Sharif's government has enhanced climate cooperation with international partners including through the Shanghai Cooperation Organisation's Green Belt Programme and the Mangrove Sustainability Initiative, a project to protect, restore, and manage mangrove ecosystems across the globe.

=== Constitutional changes ===

In September 2024, Sharif's government announced a "Constitutional Package" which would create a new Federal Constitutional Court. This new court would handle petitions pertaining strictly to interpretations of constitutional clauses. The package also included raising the retirement age of judges in the proposed Constitutional Court to 68, while other judges in Pakistan are required to retire by 65. The package also included a clause that would rule individual legislators' votes against their respective parties as void. In October 2024, Parliament passed the Twenty-sixth Amendment, which expanded parliamentary powers, particularly allowing a parliamentary committee to select the Supreme Court's chief justice.

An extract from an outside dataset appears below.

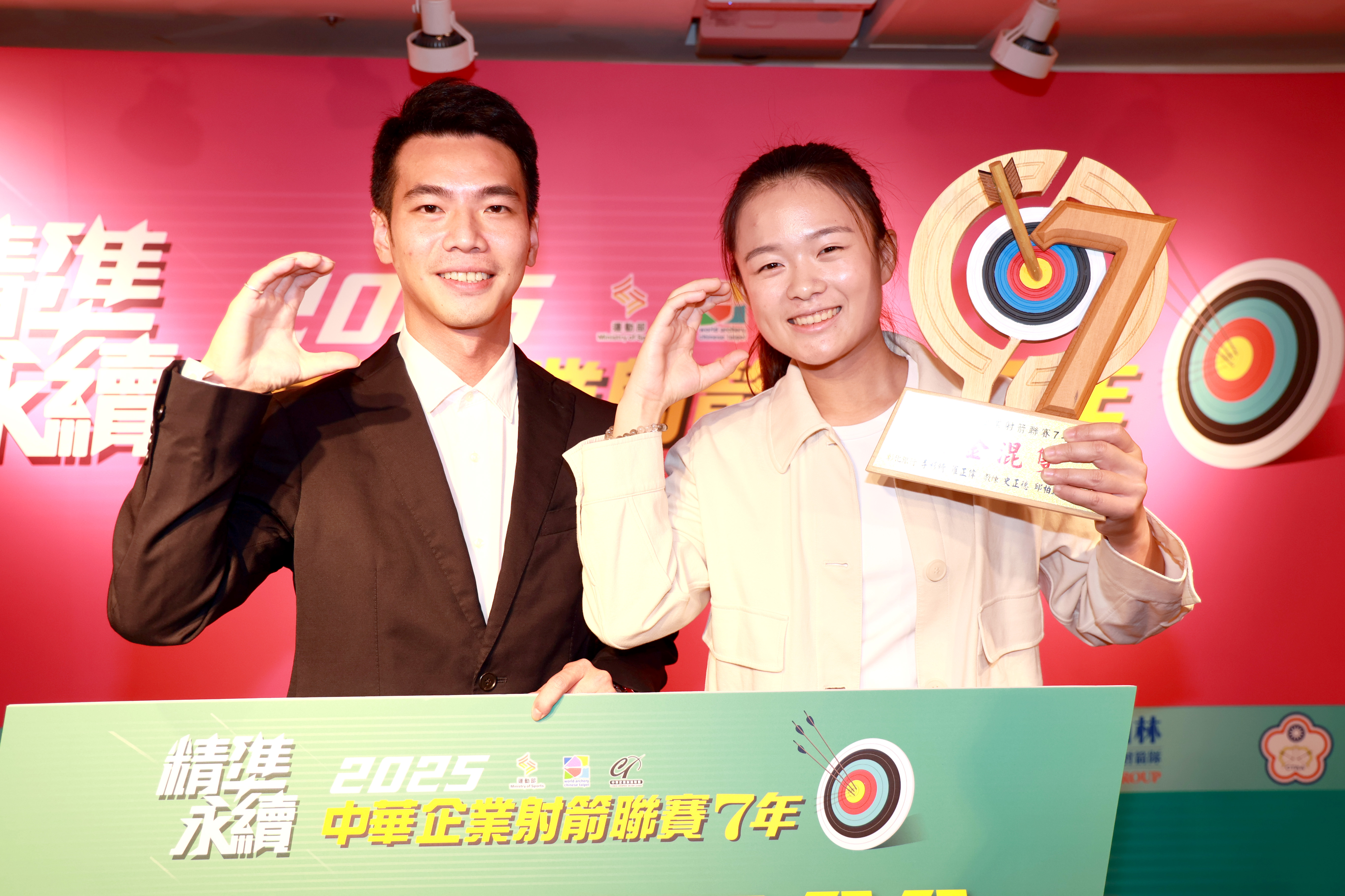蔡明修、風佑築分別獲得十分箭王、箭后。(中華民國射箭協會提供)

The new amendment was heavily criticised as attacking judicial independence, particularly amplifying judicial action against the PTI and other political opponents. According to the New York City Bar Association, the amendment undermined the separation of powers and judicial independence in Pakistan, hindering the impartiality of the judiciary.

In November 2025, Parliament passed the twenty-seventh Amendment to the Constitution of Pakistan proposed by Sharif's government, which asserted the authority of the Federal Constitutional Court—in which judges are selected by the executive branch, and modified Pakistan's military structure. The amendment created the post of Chief of Defence Forces—given to Field Marshal Asim Munir—which oversees all three branches of the Pakistan Armed Forces, and provides Munir with lifelong immunity from criminal prosecution. The Human Rights Commission of Pakistan questioned the government's urgency in passing the amendment, while Reema Omer, a legal adviser for the International Commission of Jurists, warned that the new amendment only emboldens the executive and legislative branches, weakening the authority of the judiciary and degrading any balance of power within the government. She described the amendment as a "constitutional surrender."

=== Counterterrorism initiatives ===

In June 2024, Sharif chaired a meeting of the Apex Committee on the National Action Plan in Islamabad, and announced the launch of Operation Azm-e-Istehkam, a major counterterrorism initiative that involved both military action and socioeconomic development to hinder the spread of radicalism and terrorism in Pakistan. The launch of the operation came amidst a rise in terrorism in Pakistan in the aftermath of the Taliban takeover of Afghanistan, with militant groups such as the Pakistani Taliban taking shelter in Afghanistan to use it as a base for attacks on Pakistani security forces.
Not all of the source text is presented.